Green Zone (2010)
7/10
a timely, exciting thriller
16 March 2010
Green Zone has been promoted by Universal Studios with its plot mostly obscured, wrapped around the mysterious figure "Magellan". Watching the trailer, one only gets a vague sense that the film it set in Iraq and that Matt Damon's character, Roy Miller, is searching for Weapons of Mass Destruction in 2003. It looks, perhaps appropriately, like a close cousin to the Bourne movies, of which Paul Greengrass was also director.

It's not a bad move, since it is a lightning-quick movie in its editing and camera-work (though nowhere near as much as the adrenaline-overloaded 'Ultimatum'), but the film is more akin to Greengrass' United 93. Both films, that one about the fourth plane hijacked on 9/11 that crashed in Pennsylvania, and this one about the whole reason the US went to war, take the viewer back to a point that is fresh in our collective memory- maybe too soon some would say, others not soon enough- when chaos was fully erupting, for a few hours or within grasp of a Pentagon phone call.

It's not the most light of touches Greengrass takes to the material in terms of the script. The screenplay he has to work with by Brian Hegeland takes some fictional liberties with what are factual cases: the US did take advice from an unreliable source (or rather the US listened to what they wanted to hear), they kept coming up empty-handed after already months of inspecting before the invasion, and they're still told to dig despite the futility. This is all fine, though I wonder if the film would have benefited from just a little more characterization, aside from the types and casting to them (Damon as the determined hero, Kinnear as the clean-cut but sleazy bureaucratic villain, Gleeson as the helpful CIA character, Ryan as the frustrated embedded journalist), and sometimes spelling out too clearly the points of history.

And yet it's hard to begrudge a film with so much else going on as well. What makes Green Zone powerful is Greengrass' visceral approach to the material, again more akin to United 93 than the Bourne movies. We're wrapped up in each step of the story, like a mystery infused with the purpose and drive of the hand-held camera (done by someone who knows well, Barry Akroyd of the Hurt Locker), and we want to see where it goes. There aren't too many big surprises in the story, despite its slight liberties, since it's always seemingly realistic in its scope of cinematography and technique. When Roy Miller's team does a daytime raid of a place with a suspected Sadaam general, the tension is thick and the payoff is juicy and satisfying. That there turns out to be ambiguity in Miller's situation (the line "Don't be naive" is repeated but necessary) gives some added urgency to Greengrass' direction.

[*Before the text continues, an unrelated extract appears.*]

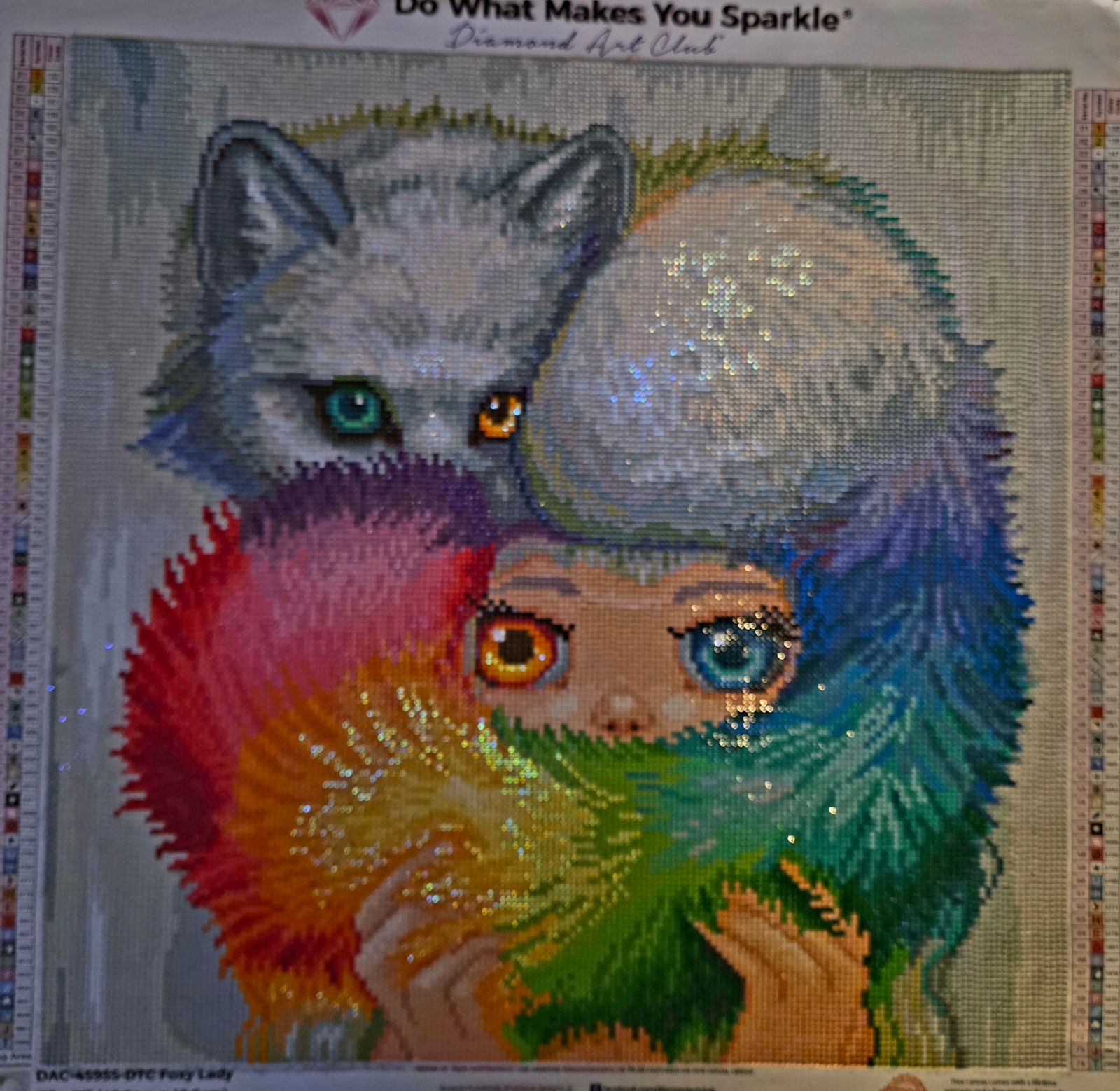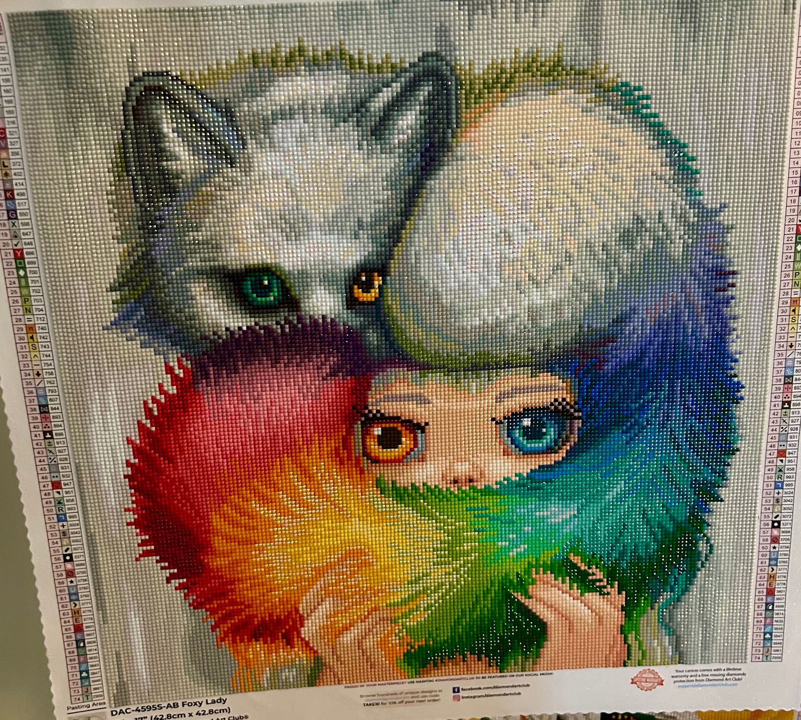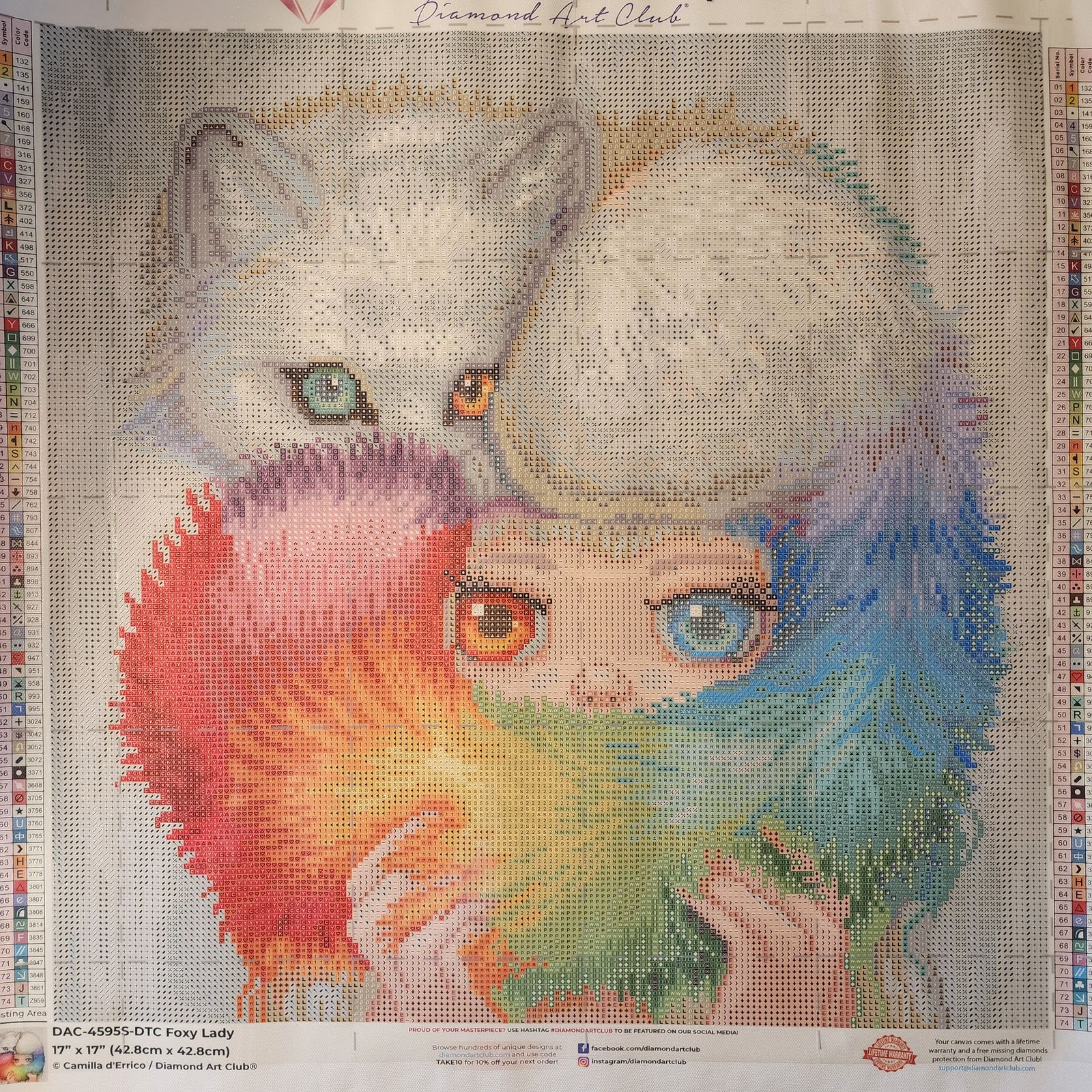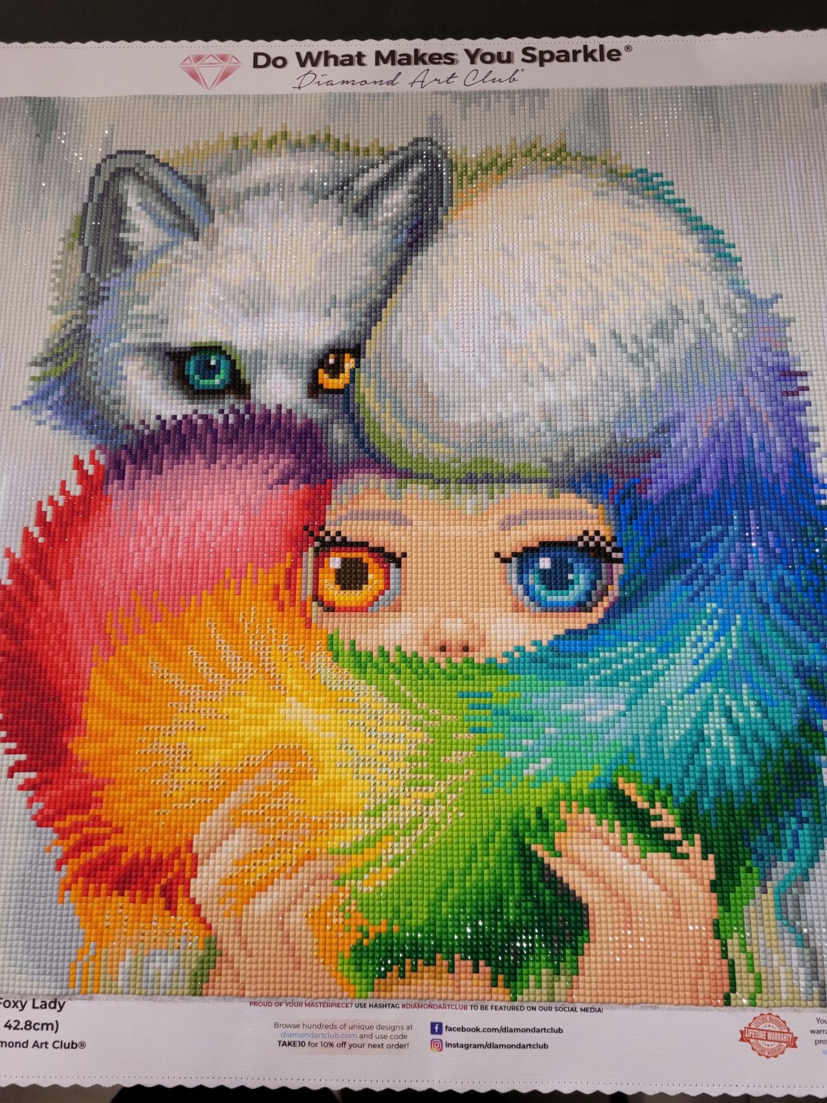 I love this canvas. It is so stunning with all the colors & the eyes are such a great addition. I am still learning to do squares but once I get the hang of it this is definitely going to be the first one I do. I can't wait! So many colors!!!

If you're one of the few people on planet Earth who still are not sure whether there were WMD's in Iraq (and you're probably Dick Cheney if you're one of them), then obviously the film isn't for you. It would seems like a given now, that it was one of those blatant lies that people were told to get over as the US would be there to stay in Iraq for an indeterminable amount of time (this despite the Mission Accomplished stunt, shown here in Green Zone again punctuating the story like a sudden exclamation point). But if Green Zone does approach this material a little thick, it's still in service of the long run historically, and comes second after being an entertaining action-mystery. People years from now can look at Green Zone first as a suspense film, a war film shot rigorously and with its black-white-gray areas surely defined, and then as a history lesson. It's an imperfect but important film for our times.